= WHAT YOU HAVE TO DO =
Your task is to repeat exactly the lines below between the line holding "태국 인도네시아 국경" and the line holding "The Google Maps", inclusive, and only those.

= SUPPLIED RECORDS =
[Start of Attachment]

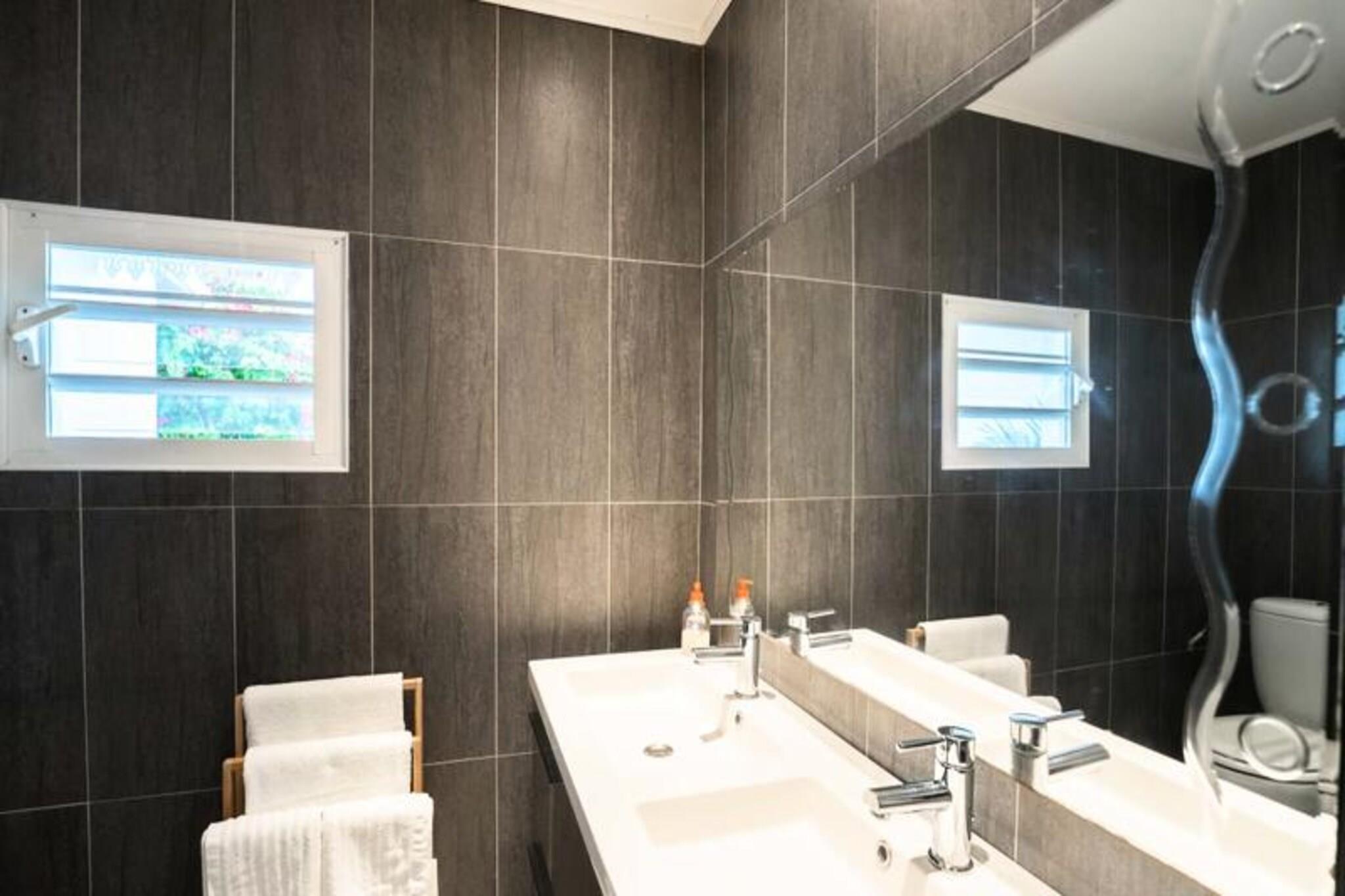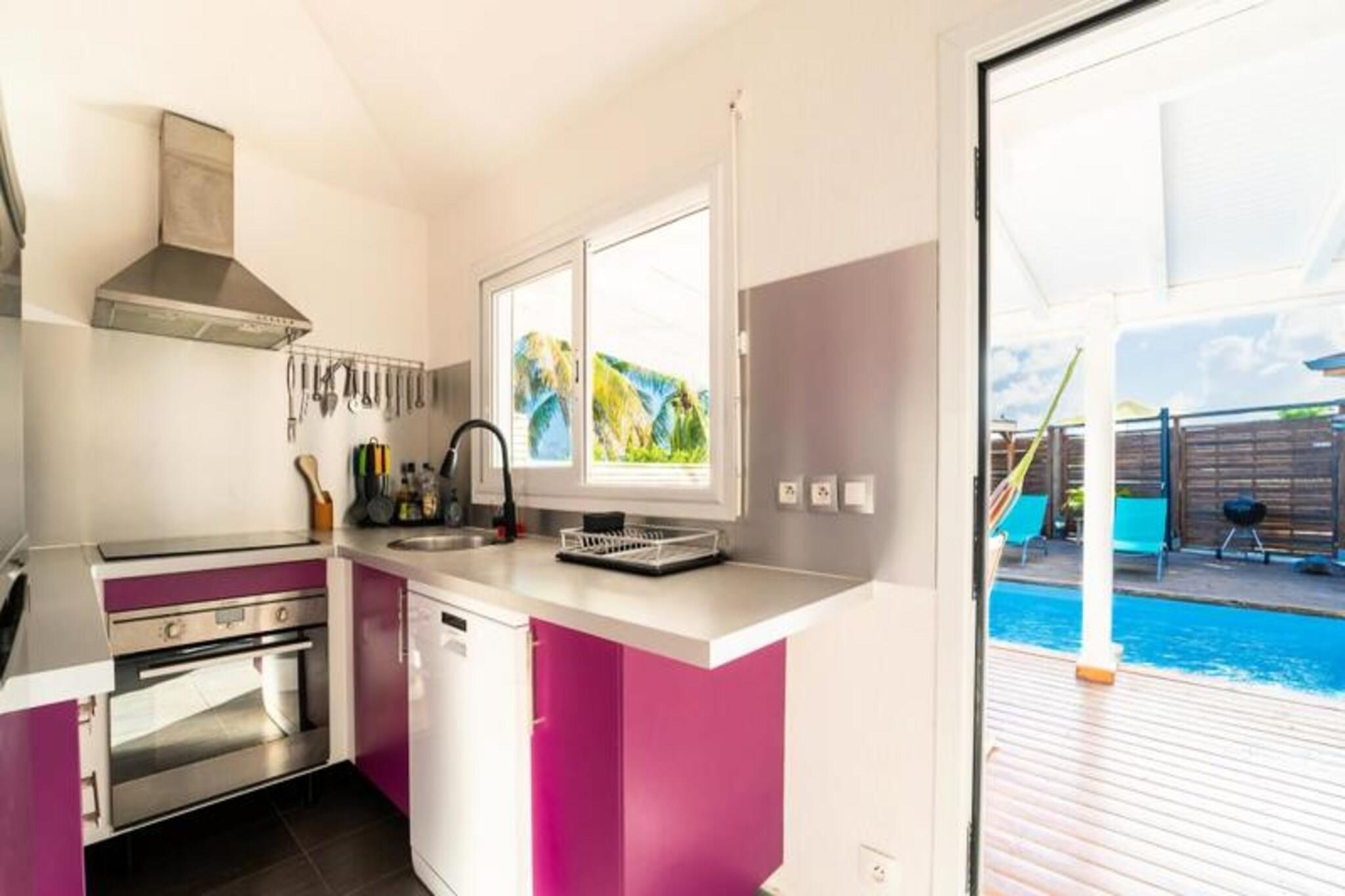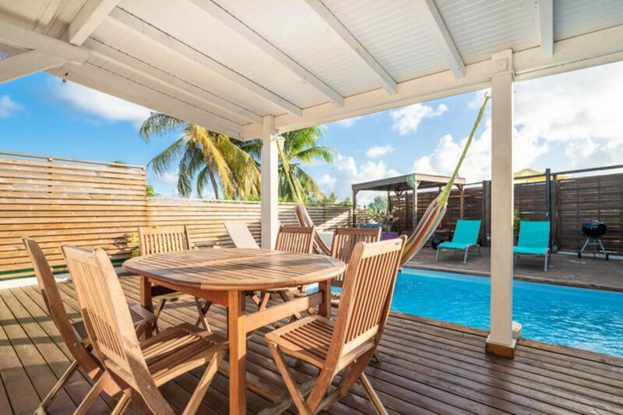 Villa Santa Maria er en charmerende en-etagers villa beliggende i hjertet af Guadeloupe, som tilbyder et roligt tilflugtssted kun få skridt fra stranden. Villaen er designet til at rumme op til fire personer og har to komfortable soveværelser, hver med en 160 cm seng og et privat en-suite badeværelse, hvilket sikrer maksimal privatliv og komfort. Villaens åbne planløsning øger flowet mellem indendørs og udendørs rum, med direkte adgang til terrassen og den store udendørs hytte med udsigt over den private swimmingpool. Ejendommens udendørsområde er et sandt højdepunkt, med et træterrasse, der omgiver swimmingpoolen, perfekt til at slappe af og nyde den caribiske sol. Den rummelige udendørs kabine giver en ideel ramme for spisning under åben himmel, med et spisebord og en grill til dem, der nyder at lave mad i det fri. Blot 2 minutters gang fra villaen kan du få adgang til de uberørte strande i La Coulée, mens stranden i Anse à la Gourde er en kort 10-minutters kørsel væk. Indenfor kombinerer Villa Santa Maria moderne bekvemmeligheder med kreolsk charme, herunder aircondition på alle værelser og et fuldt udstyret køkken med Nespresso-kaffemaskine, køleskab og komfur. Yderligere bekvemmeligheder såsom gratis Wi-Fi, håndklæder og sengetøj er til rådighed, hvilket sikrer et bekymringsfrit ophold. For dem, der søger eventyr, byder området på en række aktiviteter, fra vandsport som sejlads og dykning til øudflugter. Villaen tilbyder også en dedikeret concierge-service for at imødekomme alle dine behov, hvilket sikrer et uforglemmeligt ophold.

[End of Attachment]
[Start of Attachment]

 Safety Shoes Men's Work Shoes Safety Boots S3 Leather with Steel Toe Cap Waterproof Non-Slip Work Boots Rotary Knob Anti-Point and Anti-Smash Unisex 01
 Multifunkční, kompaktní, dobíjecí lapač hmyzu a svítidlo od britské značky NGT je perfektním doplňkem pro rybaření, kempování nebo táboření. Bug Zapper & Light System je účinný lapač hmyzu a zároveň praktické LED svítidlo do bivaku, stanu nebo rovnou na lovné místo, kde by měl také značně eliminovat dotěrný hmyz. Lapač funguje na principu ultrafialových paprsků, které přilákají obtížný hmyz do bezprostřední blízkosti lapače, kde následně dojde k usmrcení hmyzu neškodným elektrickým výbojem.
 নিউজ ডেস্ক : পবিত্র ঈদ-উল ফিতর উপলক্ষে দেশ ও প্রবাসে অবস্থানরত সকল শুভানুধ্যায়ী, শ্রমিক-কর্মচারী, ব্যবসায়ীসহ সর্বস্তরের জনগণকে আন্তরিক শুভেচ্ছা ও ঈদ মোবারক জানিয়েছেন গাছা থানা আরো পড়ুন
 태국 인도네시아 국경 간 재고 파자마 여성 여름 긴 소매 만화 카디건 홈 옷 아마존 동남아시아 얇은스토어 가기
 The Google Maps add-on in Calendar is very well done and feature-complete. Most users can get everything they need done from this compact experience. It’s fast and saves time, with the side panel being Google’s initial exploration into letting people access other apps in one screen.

[End of Attachment]

= TASK SOLUTION =
 태국 인도네시아 국경 간 재고 파자마 여성 여름 긴 소매 만화 카디건 홈 옷 아마존 동남아시아 얇은스토어 가기
 The Google Maps add-on in Calendar is very well done and feature-complete. Most users can get everything they need done from this compact experience. It’s fast and saves time, with the side panel being Google’s initial exploration into letting people access other apps in one screen.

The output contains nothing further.